Abstract

Hillforts are conventionally regarded as a phenomenon of the Late Bronze Age and Iron Age of temperate Europe, with some sites being constructed or reoccupied in the post-Roman Iron Age or Early Medieval period. In broad chronological terms, 1000 BC to AD 1000 covers the two millennia of the ‘long Iron Age’ in which hillforts are a major field monument. The concept of enclosure nevertheless has a much longer ancestry, from at least the earliest Neolithic. Some enclosed sites of the Neolithic and earlier Bronze Age in central Europe may be located on elevated ground or on promontories and may involve palisades or earthworks around their perimeter, just like Iron Age hillforts, so that the question arises whether these should not qualify as hillforts.
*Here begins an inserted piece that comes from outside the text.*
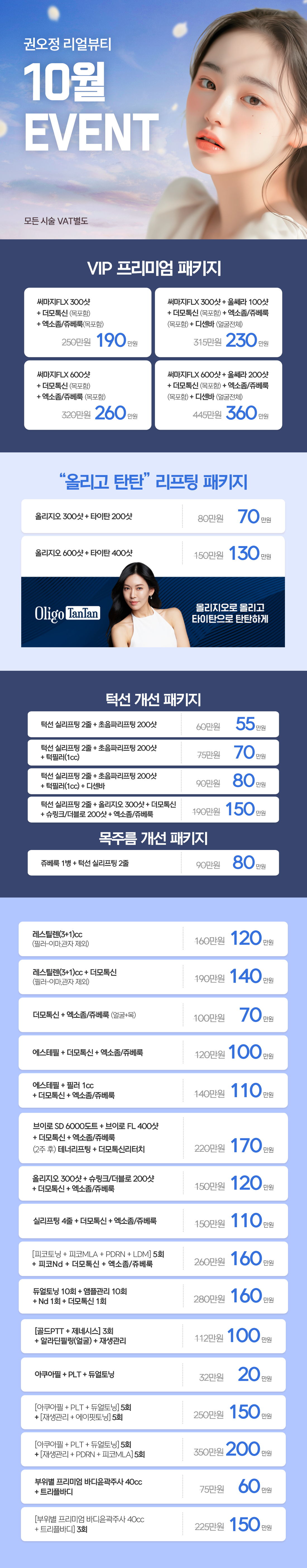 실시간 빠른상담 이름 연락처 010 011 017 018 019 개인정보취급방침 상담신청 권오정리얼뷰티의원 10월 이벤트 작성자 : 리얼뷰티 작성일 : 2025-09-30 조회수 : 268 목록

To argue that their topographic location, or the scale or layout of enclosure, is not indicative of a primarily defensive purpose will not do, because some Iron Age hillforts seem to be compromised on these criteria. Nevertheless, by not entirely rational convention, hillforts as a regular class of field monuments are generally recognized from the Late Bronze Age, when their appearance in central and western Europe coincides with an intensification in the quantity and number of types of weaponry and defensive armour associated especially with the Urnfield culture. There are a number of hillfort sites in Britain where there is underlying evidence of Neolithic occupation, including occupation that was originally defined by enclosing works of earth or stone. There is no question of claiming continuity of occupation from Neolithic to Iron Age, but since the earlier earthworks would almost certainly still have been visible—at Maiden Castle, for instance, where the earliest Iron Age hillfort follows almost exactly the extent of the Neolithic enclosure—there is every reason to suppose that the existence of earthworks that would have been recognized as ancient, even if they were not formally venerated as places of ancestors, may have encouraged choice of these sites. An alternative interpretation would be simply to assume that the same advantages of location that commended themselves to Neolithic communities coincidentally satisfied equally the requirements of their Iron Age successors. But in that event the earlier monuments, like the Hambledon Hill long barrow or the Foel Trigarn cairns (Plate 14b), would hardly have been accorded the respect by later occupants that their condition indicates they were.